# Would a 4th daily Wolverine train be feasible?



## MIrailfan (Feb 19, 2022)

Or are there too many single track bottlenecks, low demand, or both?


----------



## AmtrakMaineiac (Feb 19, 2022)

Equipment might be an issue also. I assume it would be up to the state of Michigan to request an additional train.


----------



## bms (Feb 19, 2022)

If they add another Detroit-Chicago train, I think it should take the CSX route via Lansing and Grand Rapids. The full Detroit-Chicago trip might take an hour longer on that route, worth it to connect the 3 biggest metro areas in the state and also give Lansing and Grand Rapids a second daily run to Chicago.


----------



## jiml (Feb 19, 2022)

bms said:


> If they add another Detroit-Chicago train, I think it should take the CSX route via Lansing and Grand Rapids. The full Detroit-Chicago trip might take an hour longer on that route, worth it to connect the 3 biggest metro areas in the state and also give Lansing and Grand Rapids a second daily run to Chicago.


Good idea, although not sure CSX would be too happy.


----------



## bms (Feb 19, 2022)

jiml said:


> Good idea, although not sure CSX would be too happy.



No doubt they wouldn't be. I'm hoping there's a good result from this Surface Transit Board case for the Gulf Coast service, so there's a precedent that the freight railroads wouldn't any longer be able to just flatly say no to new service.


----------



## Deni (Feb 19, 2022)

bms said:


> If they add another Detroit-Chicago train, I think it should take the CSX route via Lansing and Grand Rapids.
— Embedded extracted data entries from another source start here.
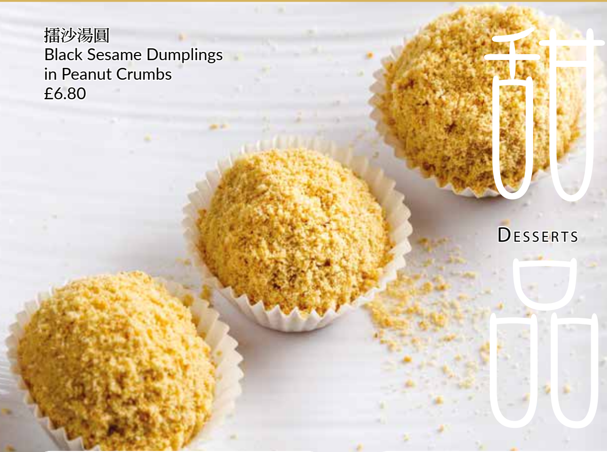
播沙湯圓 Black Sesame Dumplings in Peanut Crumbs £6.80
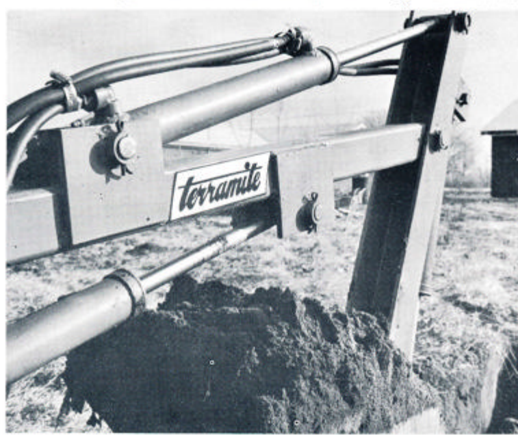
Save dollars every time the bucket takes a big bite.
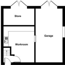
OUTBUILDING Ground Floor
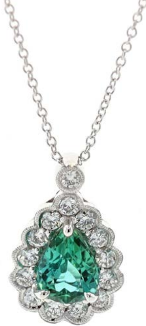
Simon G - 18KT White Gold Green Tourmaline and 0.45ctw Diamond Necklace
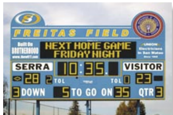
Junípero Serra High School, San Mateo, California

Durable, dependable and trusted—just like your Local. Your union’s initial investment in a quality Fair-Play scoreboard will reap rewards for years to come. Foster community goodwill...create top-of-mind awareness when jobs are up for bid...identify future members to keep your union strong and growing. Sponsor a Fair-Play scoreboard and get in the game!
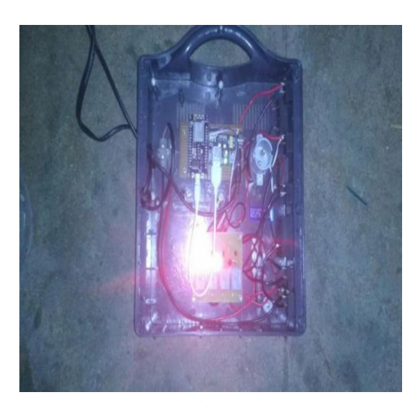
2. Devices ON
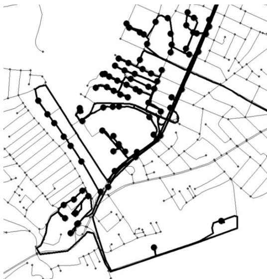
Figure 2. The current route

Table 1 summarizes the computational test results which indicate to 28.1% in route length. The total savings for this optimized route is 2710 kilometers per year.
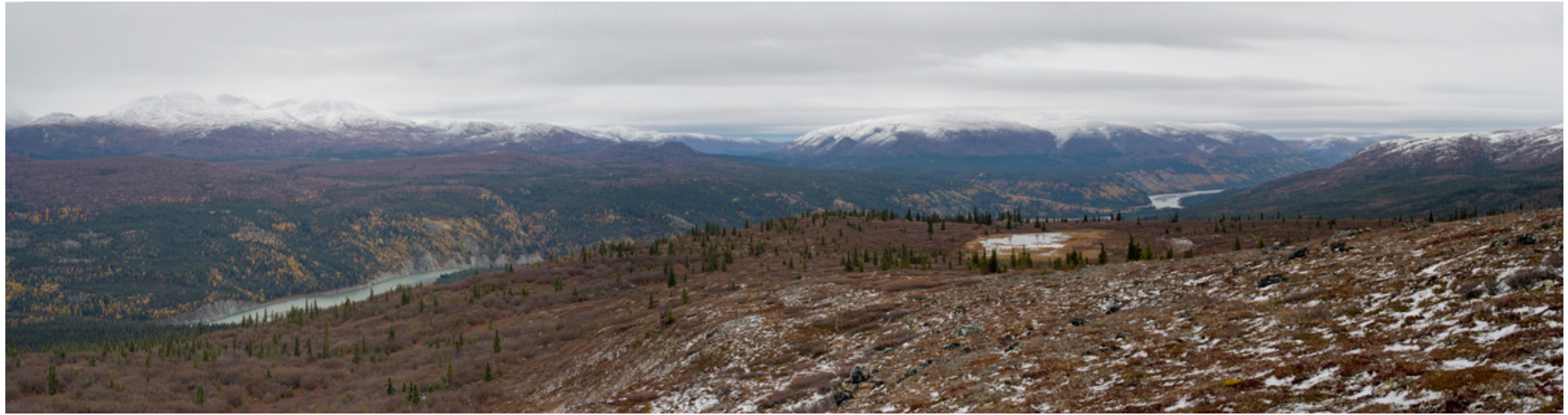
AL 9 existing upriver FALL.jpg
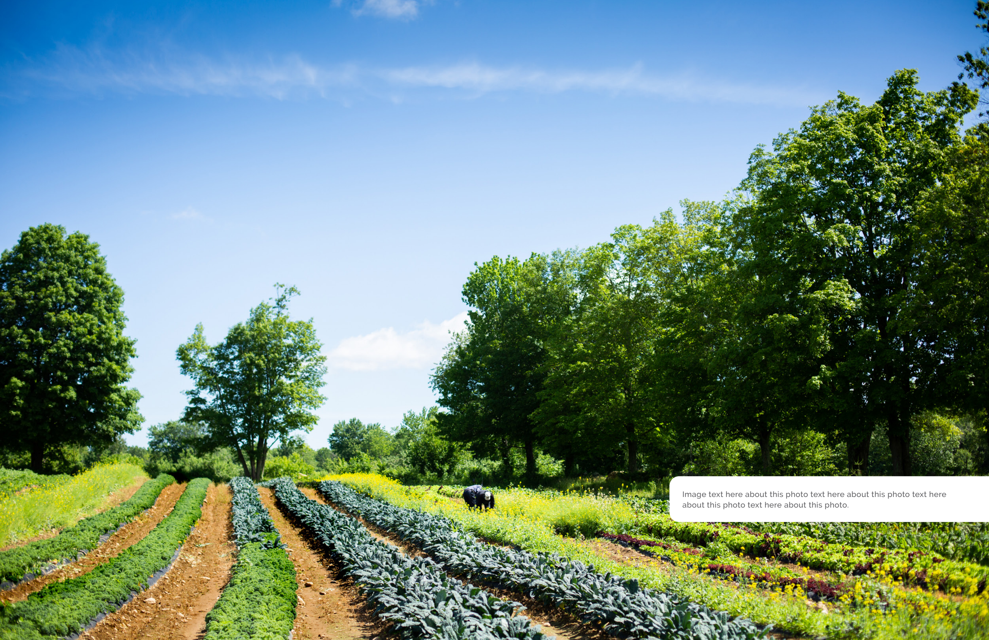
Image text here about this photo text here about this photo text here about this photo text here about this photo.
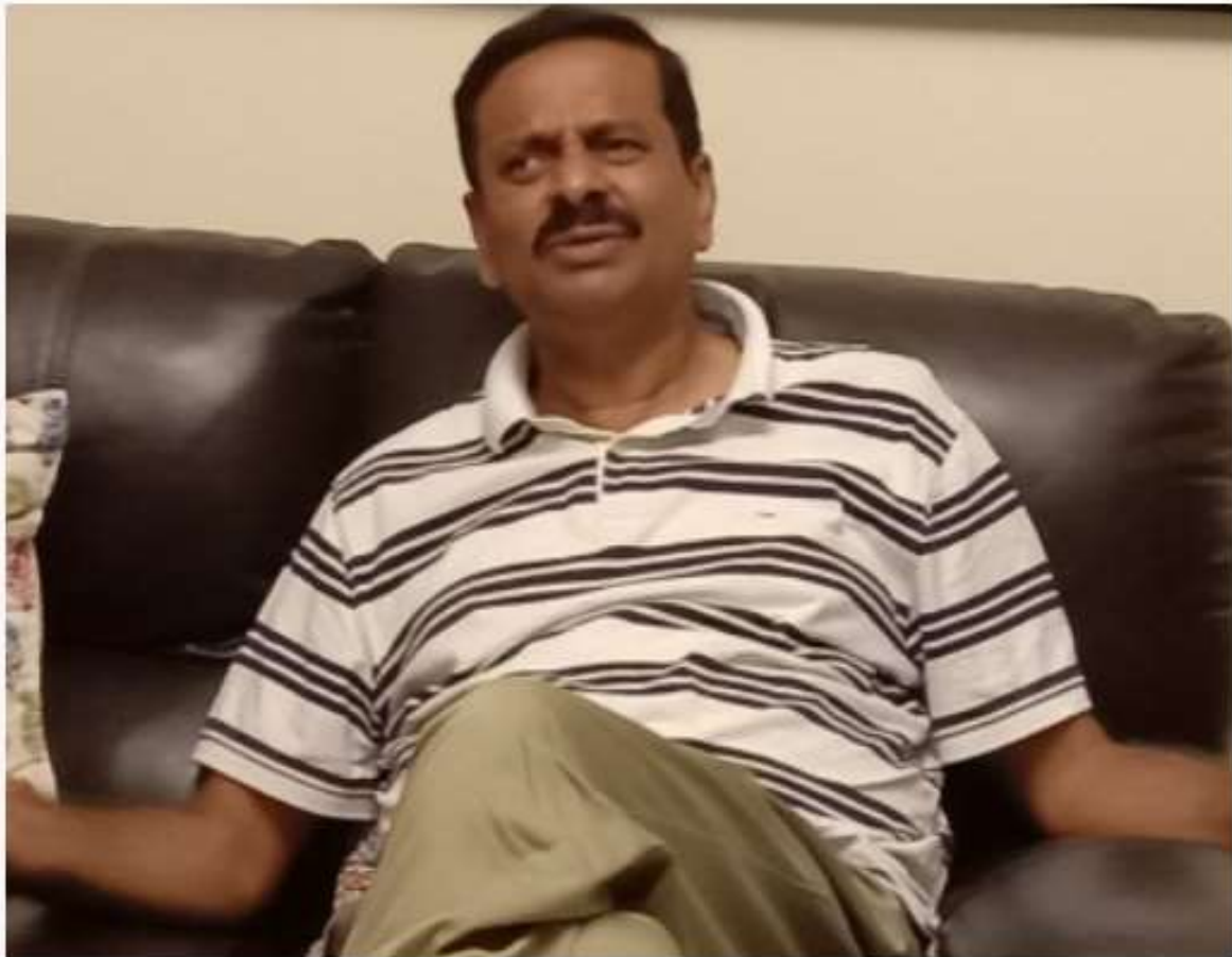
J&K govt to give priority to check smuggling, counterfeiting
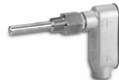
Figure 6. Liquid Immersion Temperature Sensor.
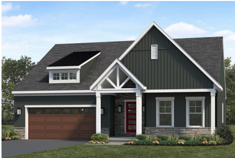
Upgraded C Trademark
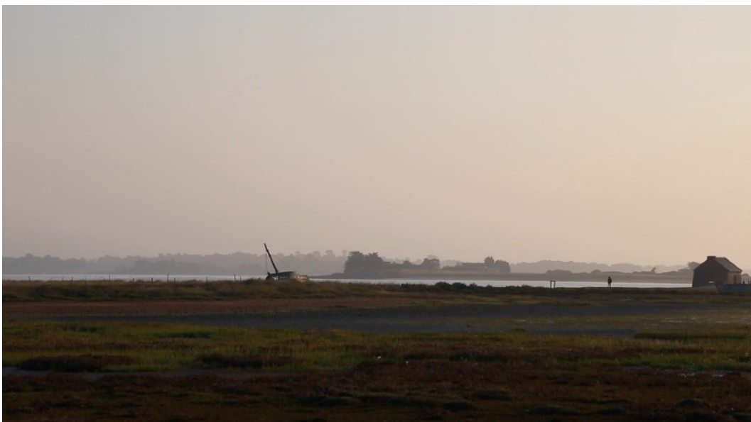
Still Image of the Video

The texts are the results of a writing workshop where the people watched the video so that they could build up a story, an interpretation of this going. Later they have read theirs texts. I recorded theirs voices and I mixed them with improvised music.
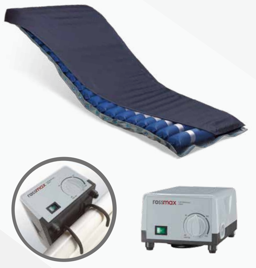
Adjustable hangers to suit any kind of hospital bed frame
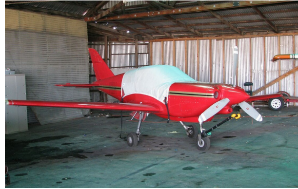
The Swearingen SX300 Canopy Cover
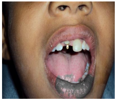
Fig 2f: Case No. 2 during a second course of treatment

A longer, thinner, gold plated screw post (1-long) was inserted to reach approximately 1/3 of the root length.
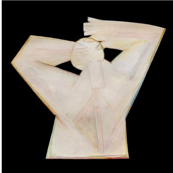
Keisuke Koizumi | Bowl | 2015 | Watercolor, pencil, paper | 144 x 160 mm
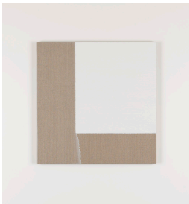
Exposed Painting Titanium White © Callum Innes

Opening in the presence of the artist: 14 September 2017 7:30 p.m.–9 p.m.
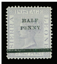
Lot 280 – Realized $1,265
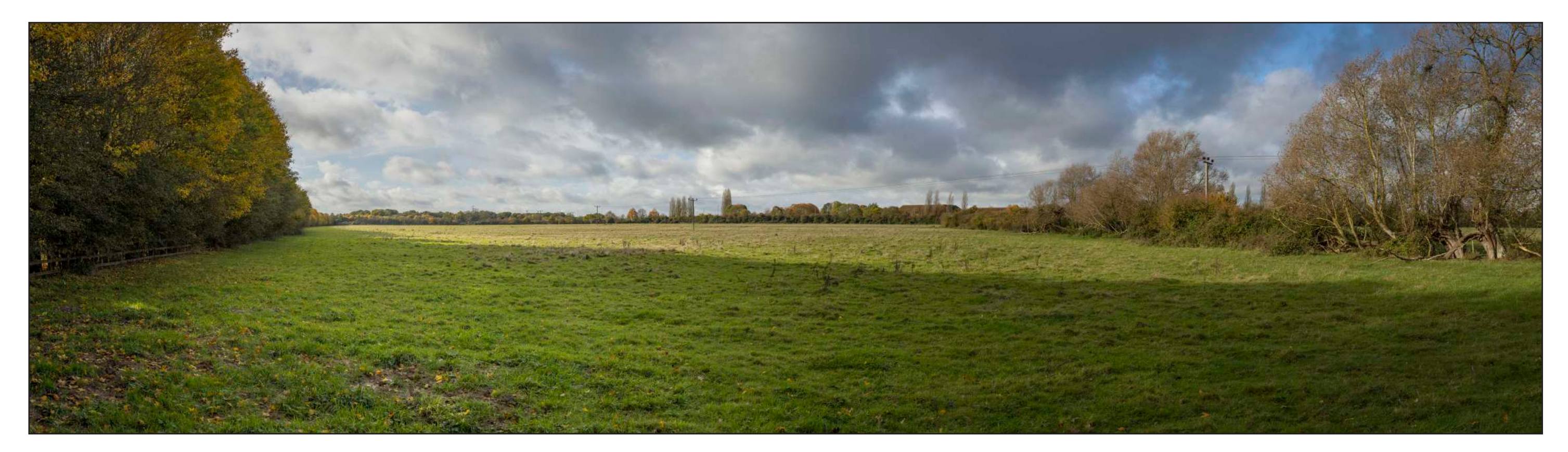
FIGURE 7.69 VVM VIEW 2: BASELINE PHOTO VIEW FROM PROW 229/4/30 TO THE EAST OF THE SITE WITHIN THE PR7A RESIDENTIAL ALLOCATION SITE, LOOKING WEST TOWARDS THE SITE.

The full Detroit-Chicago trip might take an hour longer on that route, worth it to connect the 3 biggest metro areas in the state and also give Lansing and Grand Rapids a second daily run to Chicago.


That would be great!


----------



## GoAmtrak (Feb 19, 2022)

All those news and efforts are quite encouraging to me  Almost every other day there are news and propositions about expansion plans and more and more communities, citizens and politicians becoming interested in it.

There is new hope everywhere and that makes me hopeful for the future also.


----------